3.2.1 Instantaneous tracer transport

The transport process of the scalar over the backwards facing step is analysed based on its instantaneous evolution. The unsteadiness and highly turbulent nature of the flow, previously acknowledged in Sect. 3.1.2, together with the short injection duration of the scalar makes the solute transport dependent on the instantaneous flow field. The scalar transport within the first compartment is visualised in Fig. 12, which presents contours of normalised instantaneous tracer concentration (\(C/C_0\)) and 2D streamlines coloured by normalised instantaneous x-velocities (\(U/U_b\)) plotted at the compartment’s midspan plane, i.e. \(y/B_c\) = 0.5, at four instants in time, namely \(t = 27\), 36, 102 and 124.5 s, for which \(t = 0\) s when the passive scalar is injected at the compartment inlet plane.

Fig. 12
figure 12

Normalised tracer concentration contours (\(C/C_0\)) and super-imposed flow streamlines colour-coded by the instantaneous normalised x-velocity (\(U/U_b\)) in the middle of the first chamber \((y/B_c = 0.5)\) at four different instants: a \(t = 27\) s \((\theta =0.021)\), b \(t = 36\,s (\theta =0.028)\), c \(t = 102\,s (\theta =0.08)\), and d \(t = 124.5\,s (\theta =0.099)\). Black squares represent the sampling points

Figure 12 illustrates the turbulent nature of the flow in the first chamber. As seen in the time-averaged flow field exhibited in Fig. 5a, the flow is dominated by the inflow jet on the upper side of the chamber, a recirculation zone (in the form of a large-scale) eddy underneath it and a small counter-rotating vortex at the bottom left. However, Fig. 12 shows how the boundaries of these two vortices oscillate in time, the formation of several cores at different instants, or the emergence of small rollers at the interface between the inflow jet and the main eddy, which can be related to the low-frequency events reported in Fig. 7d. As an example, the core of the dominating large-scale eddy changes its position in time, as it oscillates between x/L = 0.4 and 0.7 together with an irregular sudden subdivision into two or more cores, as shown in Fig. 12b, d. Additionally, Fig. 12 also illustrates the transient nature of the tracer injection and its dependence on the instantaneous flow field, as some transient eddies trap and advect high concentrations of tracer. Following the evolution in time, Fig. 12a shows the high momentum of the inflow advecting the tracer towards the exit of the first compartment. Due to the instability of the shear layer between the inflow jet and the large-scale recirculation a small fraction of tracer entrains the dominating flow structure before \(x/L \approx 0.7\).
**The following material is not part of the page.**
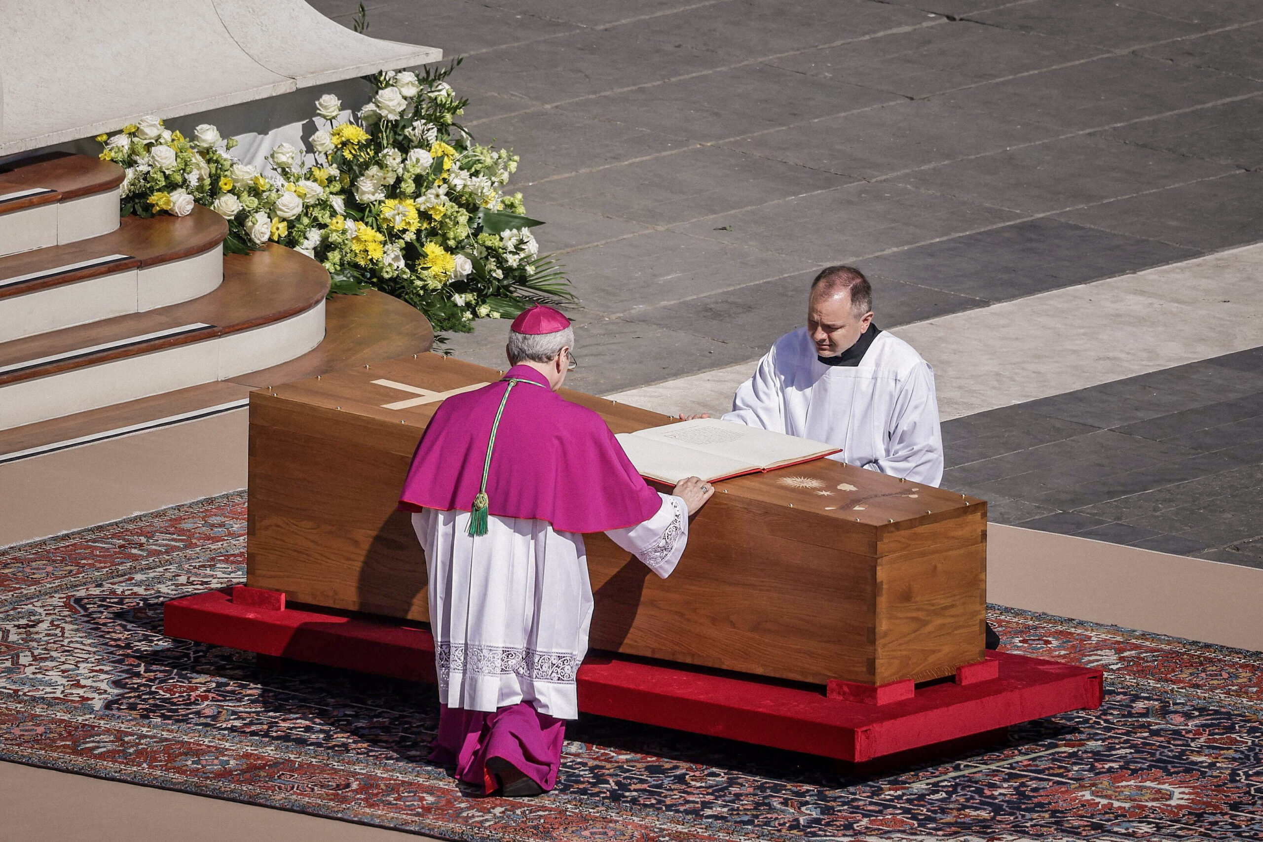 Erzbischof Diego Giovanni Ravelli (l.), Zeremonienmeister der päpstlichen liturgischen Feiern, kniet vor dem Sarg mit dem Leichnam von Papst Franziskus bei einem Requiem am 26. April 2025 auf den Petersplatz im Vatikan.

Figure 12b suggests that the clockwise rotation of the dominating large-scale eddy transports the majority of the tracer down the end-wall of the compartment towards the channel bottom. The presence of an instantaneous eddy at \(x/L = 0.75\), \(z/H = 0.6\) is noteworthy since it traps part of the tracer and directs it towards the centre of the compartment. At \(t = 102\) s, Fig. 12c, the majority of the tracer is transported halfway through the compartment and continues to be transported towards the entrance of the chamber. It is observed in Fig. 12d that at \(t = 124.5\) s part of the tracer is trapped inside a recirculation area directly downstream of the inlet, below the free-surface jet. At this instant the main recirculation zone occupies the right half of the compartment and tracer is accordingly transported and mixed by the clockwise motion of the recirculation.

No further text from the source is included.